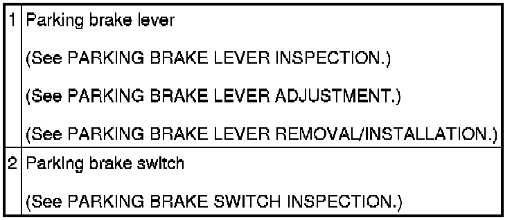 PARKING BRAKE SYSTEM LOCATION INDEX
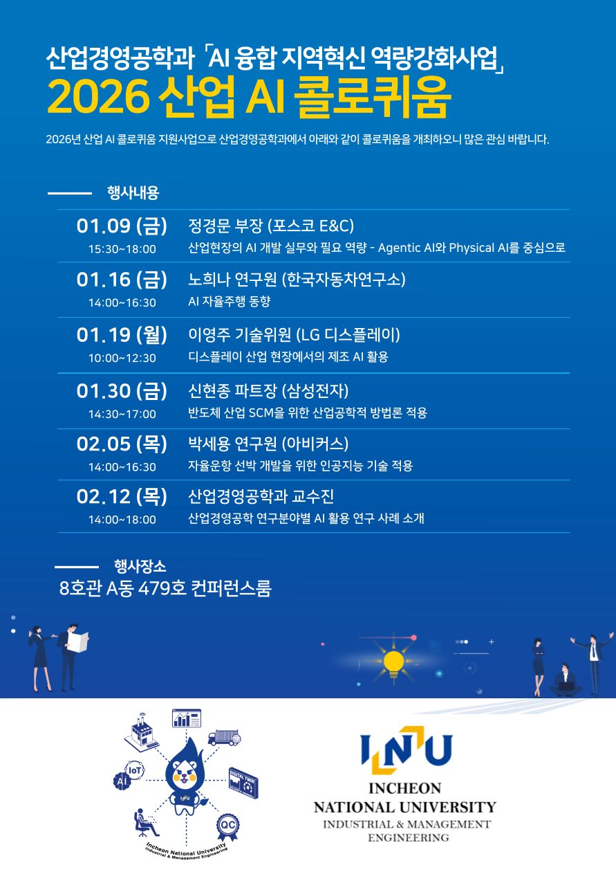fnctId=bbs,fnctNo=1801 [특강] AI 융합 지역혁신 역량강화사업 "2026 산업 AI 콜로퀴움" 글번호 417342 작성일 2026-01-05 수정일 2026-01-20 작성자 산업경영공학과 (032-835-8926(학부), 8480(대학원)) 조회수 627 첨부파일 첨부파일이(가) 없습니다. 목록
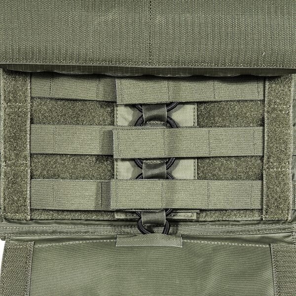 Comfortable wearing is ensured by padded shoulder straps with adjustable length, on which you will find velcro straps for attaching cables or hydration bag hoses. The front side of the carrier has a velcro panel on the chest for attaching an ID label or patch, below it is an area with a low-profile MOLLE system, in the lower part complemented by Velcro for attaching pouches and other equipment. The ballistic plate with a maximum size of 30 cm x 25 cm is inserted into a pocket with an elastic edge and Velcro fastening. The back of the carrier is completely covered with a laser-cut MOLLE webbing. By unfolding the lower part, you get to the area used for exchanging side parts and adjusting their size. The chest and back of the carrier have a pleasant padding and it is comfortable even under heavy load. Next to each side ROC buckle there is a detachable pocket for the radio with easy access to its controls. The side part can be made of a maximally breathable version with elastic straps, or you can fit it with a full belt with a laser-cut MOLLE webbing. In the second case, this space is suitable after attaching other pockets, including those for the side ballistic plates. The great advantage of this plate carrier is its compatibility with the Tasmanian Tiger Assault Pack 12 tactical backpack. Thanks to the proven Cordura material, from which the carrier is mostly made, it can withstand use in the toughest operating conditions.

☆ ☆ ☆

WHAT YOU ARE ASKED TO DO:
Your response must consist of the lines from the beginning of the data through the line containing "fnctId=bbs,fnctNo=1801 [특강] AI", transcribed exactly, with no pictures.

SOLUTION TO THIS TASK:
 PARKING BRAKE SYSTEM LOCATION INDEX
fnctId=bbs,fnctNo=1801 [특강] AI 융합 지역혁신 역량강화사업 "2026 산업 AI 콜로퀴움" 글번호 417342 작성일 2026-01-05 수정일 2026-01-20 작성자 산업경영공학과 (032-835-8926(학부), 8480(대학원)) 조회수 627 첨부파일 첨부파일이(가) 없습니다. 목록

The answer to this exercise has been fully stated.